Now in the 17th month of the war, Kyiv has continued to slowly but steadily reclaim Moscow-occupied territory in southeastern Ukraine since beginning its offensive plan earlier this summer. Ukraine’s defense against the Kremlin has largely relied on Western military aid, with the United States pledging over $43 billion since Russia launched its full invasion in February 2022.

Western leaders, including President Joe Biden, have pledged to stand beside Ukraine for as long as it takes. But during an exclusive interview with the British online newspaper, The Independent, Zelenska expressed concern that the international community may begin to lose interest in the prolonged war.

Ukrainian first lady Olena Zelenska delivers remarks in an address to members of Congress at the U.S. Capitol on July 20, 2022, in Washington, D.C. She sat down for an exclusive interview with the British online newspaper, The Independent, this week.
Jabin Botsford/Getty

“If the aggressor wins now, it will be the worst-case scenario for all of humanity,” Ukraine’s first lady told the outlet, speaking of the consequences that she believes could ensue if Ukraine’s allies were to turn a blind eye on the war.

“This will mean that global deterrents aren’t working,” she continued. “This will mean that anyone with power, strength and sufficient financial capacity can do whatever they want in this world.”

Newsweek reached out to the Department of Defense via email Wednesday evening for comment on Zelenska’s interview.

Several countries have called for a peaceful end to the Russian-Ukraine war, although neither side have shown true interest in brokering an agreement. Ukrainian President Volodymyr Zelensky’s 10-point peace plan, which would restore Ukraine’s territorial integrity and ensure Russia is held responsible for the war, has been rejected by Russian President Vladimir Putin.

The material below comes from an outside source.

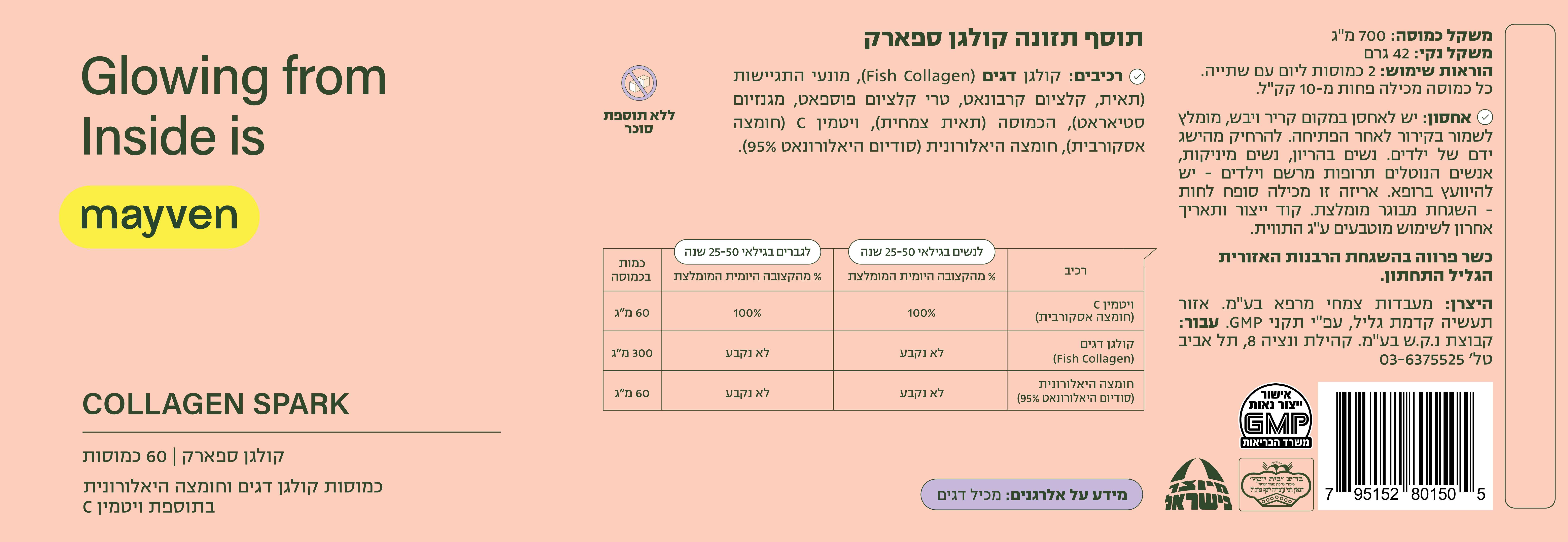 עם השנים, מתגבר ההרס של הקולגן ובנייתו המחודשת מואטת, מה שמזמין את הקמטים. הכניסי את הקפסולות לשגרת הטיפוח היומית שלך למראה מחמיא הרבה יותר. 2 קפסולות ביום זה כל מה שאת צריכה. כל בקבוק מכיל 60 קפסולות.

The Kremlin has also indicated that peace talks cannot be reached while the U.S. and its allies continue to enact strong sanctions against Moscow.

The next round of peace talks are scheduled to take place in Saudi Arabia this weekend, and more than 30 countries have been invited to participate. While Kremlin spokesman Dmitry Peskov has told Russian state media that Moscow will “follow” the meeting, Russia is not expected to attend.

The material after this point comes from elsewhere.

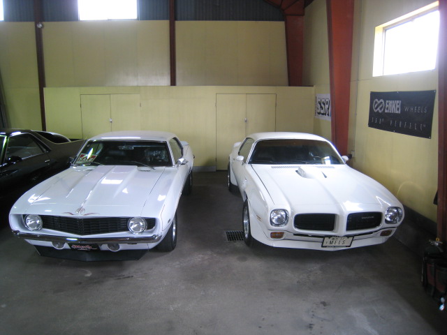 思い立ったら吉日。先日、お預かりしている69カマロを見ていたら、ムショーに倉庫の奥にあるファイヤーバードと並べてみたくなりました。3人掛かりで引っ張り出し(残念ながらエンジンは掛りませんでした・・・。)ホコリだらけのファイヤーバードを洗車して、しばし眺めて見る・・・・・。

“Russia is not party to the talks, so without their involvement as the aggressor nation, this already has serious drawbacks,” said Javed Ali, former senior director for counterterrorism at the National Security Council, who spoke with Newsweek earlier this week.

Toward the end of the interview, which is scheduled to be released in its entirety on Monday, Ukraine’s first lady spoke directly to her country’s allies.

“Ukrainians are paying for this with the lives of their compatriots, the rest of the world just pays with its resources,” Zelenska said. “Please don’t get fatigued, because we as Ukrainians have no right to get tired.”

“Ukraine defends not only its interests, not only its existence, we are trying to maintain the entire democratic balance of the world,” she concluded.